Alana Generoso, outra entusiasta como Gabi Matos, começou a
sua coleção há 22 anos, até abrir a sua própria loja. A "Maternidade Alana
Babys", em Campinas, simula um berçário de recém-nascidos, onde os bebés
reborn são expostos em incubadoras reais.
Antes de ser entregue à sua "mãe", funcionárias de
bata branca retiram-no de uma incubadora, pesam-no, colocam-no num carrinho com
o seu enxoval e emitem uma certidão de nascimento.
"Aqui não se compra uma boneca comum. Aqui compram-se
sonhos", diz Alana Generoso, de 46 anos. Para ela, a polémica surge da
falta de conhecimento. "Na minha loja vêm muitas crianças, adultos que têm
uma vida normal, que trabalham, que têm a sua rotina. Há casos de pessoas que
tratam estas bonecas como filhos? Há, mas a maioria não", assegura.
Uma reborn no Congresso
A questão chegou ao poder legislativo. Vários projetos de
lei propõem desde apoio psicológico até sanções
para quem tentar usar os bebés reborn para obter atendimento prioritário em
serviços públicos, por exemplo.
No Congresso Federal, um deputado chamou a atenção na semana
passada ao aparecer no plenário com uma boneca, a que chamou de
"neta". O legislador Manoel Isidório, pastor
evangélico, afirmou que brincar com estas bonecas "não é
pecado". Entretanto, os vereadores da cidade do Rio de Janeiro criaram o
insólito "Dia da Cegonha Reborn", para homenagear quem fabrica estes
bonecos hiper-realistas.
Questão de género
Colecionar estas réplicas como passatempo é completamente
normal, aponta a psicóloga Viviane Cunha. "Só é considerado um transtorno
quando há prejuízo social, emocional ou económico", explica.
A psicóloga faz a ligação com a solidão, considerada uma
epidemia pela Organização Mundial de Saúde (OMS). "Acho que a boneca surge
da procura por um vínculo afetivo, uma conexão", defende.

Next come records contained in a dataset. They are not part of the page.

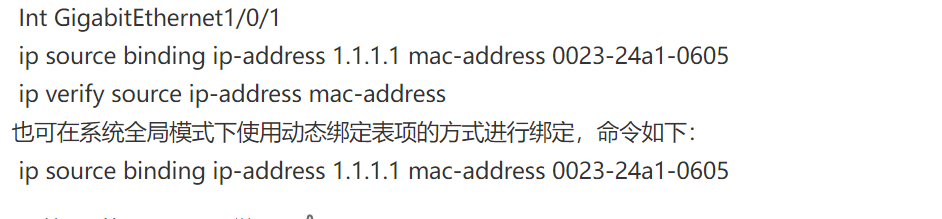 端口下配置了 ip sou bing ip mac vlan 启用ip ver sou ip mac 地址配置错误后 还能上网 为啥不生效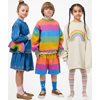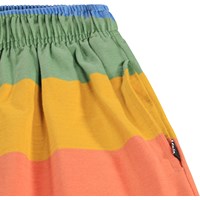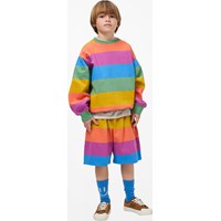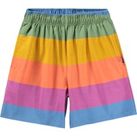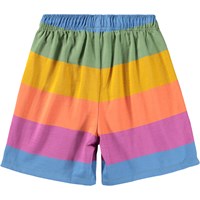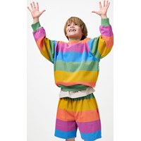 Shorts mit breiten Regenbogenstreifen aus Bio-Baumwolle. Die Shorts haben eine lockere Passform, mit Seitentaschen, Gesäßtaschen und einem elastischen Bund mit Kordelzug, die sie bequem und bewegungsfreundlich machen.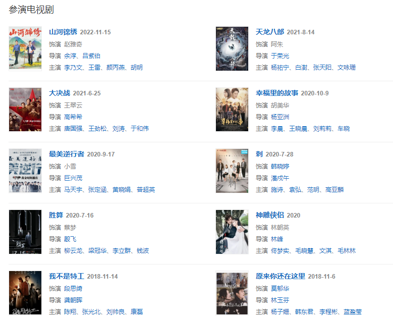 代表作品:延禧攻略、美人心計、勝算、刺、特勤精英、那些年,我們正年輕、不如冒險、幸福里的春天、大決戰(zhàn)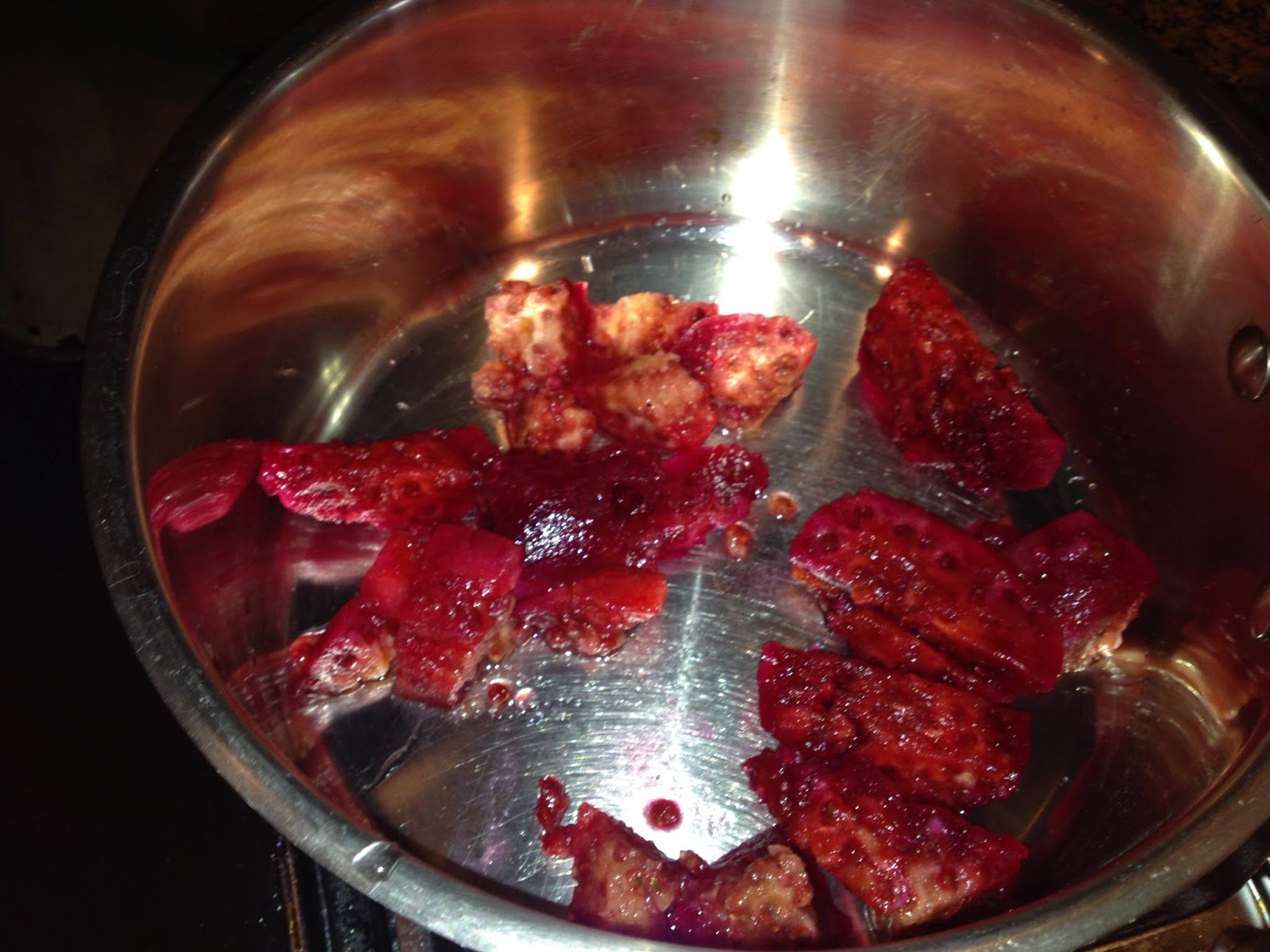Prickly pears grow off a cactus and can be covered in spikes. There were two types I found, white and red. To eat it, I cut the ends off and made a slice down. The skin is thick but you can peel it off. When I tasted it raw, I liked it but the seeds make it tough to eat. I decided to make a prickly pear sauce.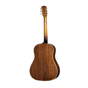 During a time when cultural optimism was low, Gibson dreamed up a new line of advanced instruments; included in those models was the Advanced Jumbo. Due to low production numbers from 1936-1939, this model largely flew under the radar even though it was a supreme-sounding and performing instrument. Gibson Custom is pleased to once again offer the Gibson 1936 Advanced Jumbo, outfitted with a thermally aged red spruce top and hide glue-fitted hand-scalloped X-bracing that help to give it the tone of a long-treasured musical companion, solid rosewood back and sides, and a mahogany neck with a 25.5 (647.7 mm) scale length, vintage Advanced Jumbo profile, a rosewood fretboard with a 12 fretboard radius, 19 standard frets, and mother-of-pearl diamonds and arrows inlays.
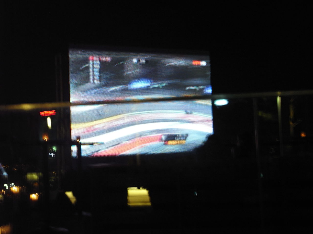プールのテラスに設置された大迫力のスクリーンで観戦したよ。

Gabi Matos, por sua vez, denuncia uma polémica com viés
sexista. "Todos os passatempos masculinos são normalizados — videojogos,
soltar papagaios, jogar à bola. Ninguém diz que já se é velho demais para essas
coisas. Mas se as mulheres pegam nas bonecas durante meia hora por dia, já
dizem que somos doentes", lamenta a jovem.

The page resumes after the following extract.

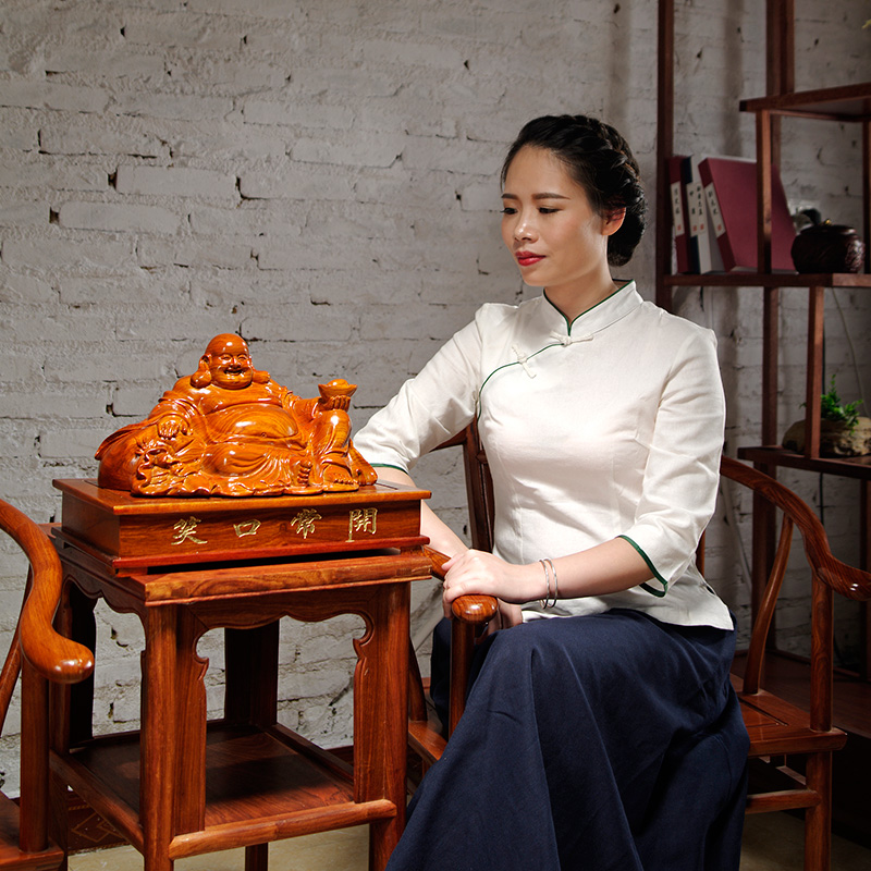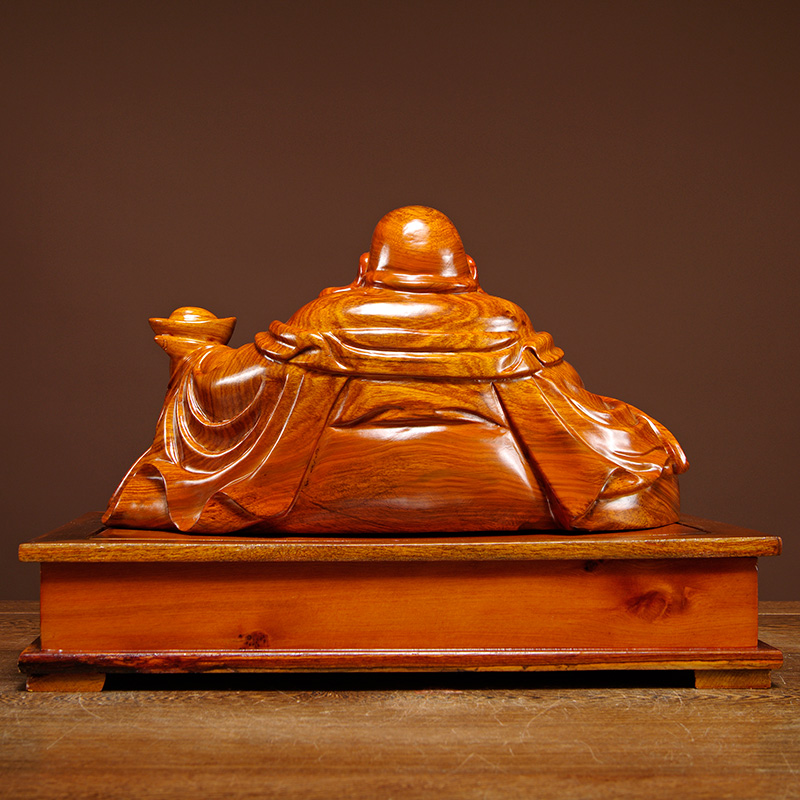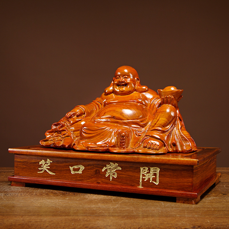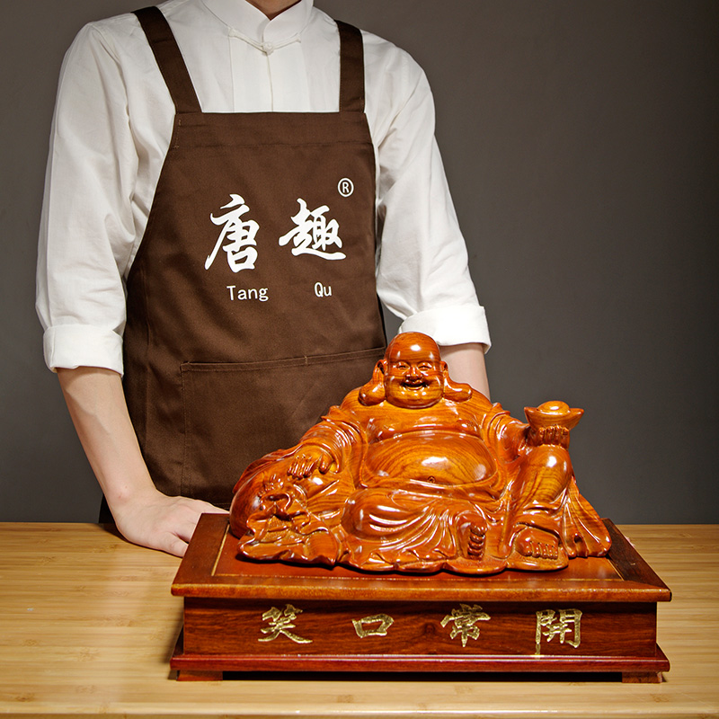 Tangy wood sculpted Millver like a swinging piece cloth bag sitting with a smile Buddha solid wood sculpted home living room ornament red wood handicraft

Fonte: Sapo Lifestyle, 31 de maio de 2025
Algo que existe desde a década de 1990 só agora desperta os palradores modernos — não surpreende, afinal, se não vira viral no TikTok, não existe.

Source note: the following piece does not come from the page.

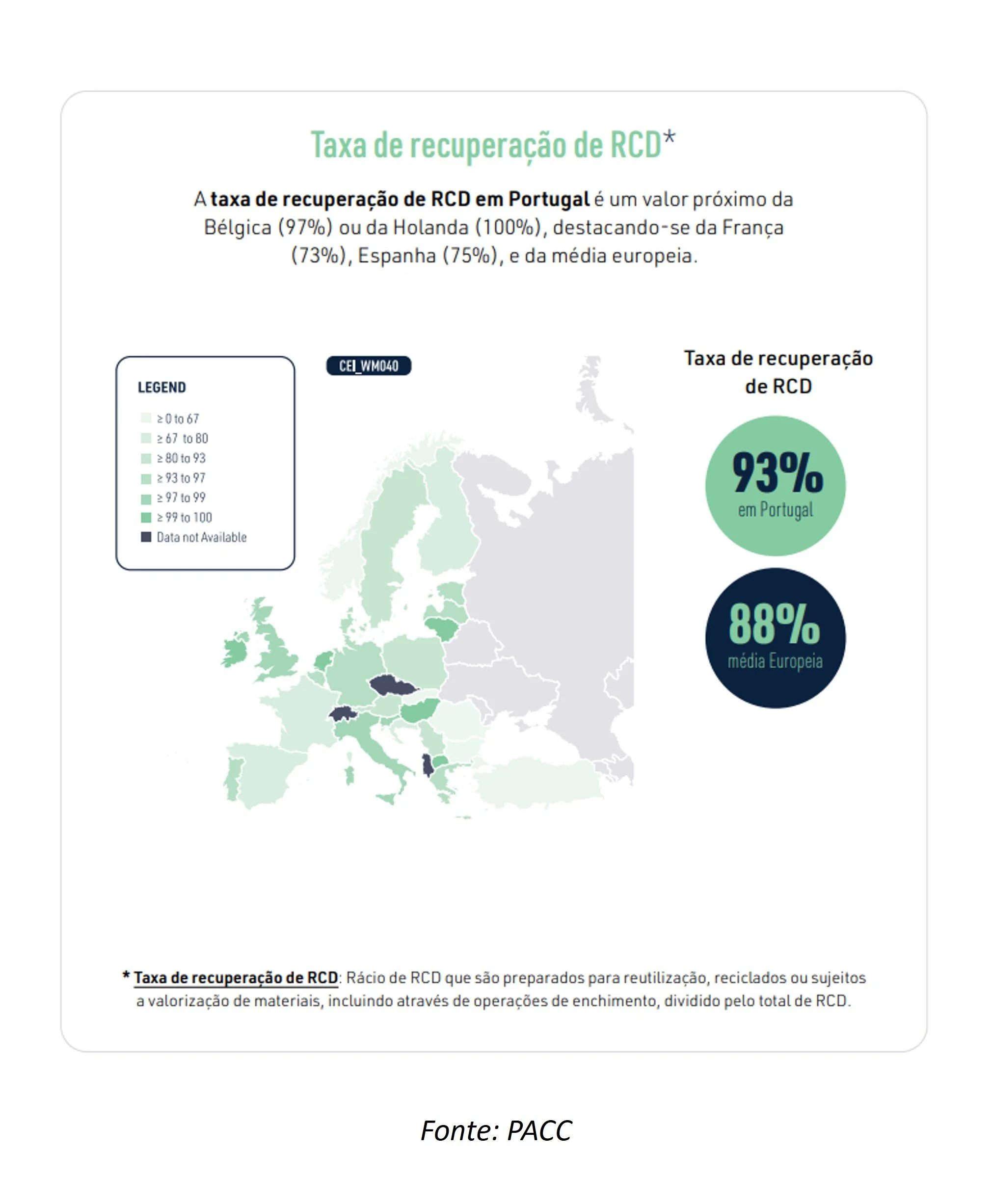 Serve para monitorizar os progressos na área da ‘gestão de resíduos’. Portugal apresenta valores elevados para a Taxa de recuperação de RCD com cerca de 93%, um valor próximo da Bélgica (97%) ou da Holanda (100%), destacando-se da França (73%), Espanha (75%), e da média europeia (88%).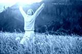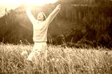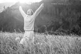 Happy woman enjoying sunset stay on the green grass on the forest peak of mountain. Fresh air, Travel, Summer, Fall, Holidays, Journey, Trip, Lifestyle.

Uma forma engenhosa de as cidades tirarem lucro desta devoção às bonecas humanas seria, em vez de combatê-la, juntar-se a ela. Certificar as proprietárias mais bonitas com licenças para amamentação pública total, mamilos sem pudor, glândulas mamárias concorrendo com roulotes de churros, em nome da liberdade maternal: no metro, nos parques, nas paragens de autocarro, nas filas do cinema ou na padaria pela manhã, antes do copo de leite. Estes quadros urbanos de novo bucolismo impulsionarão o turismo, o comércio local e os cofres das autarquias.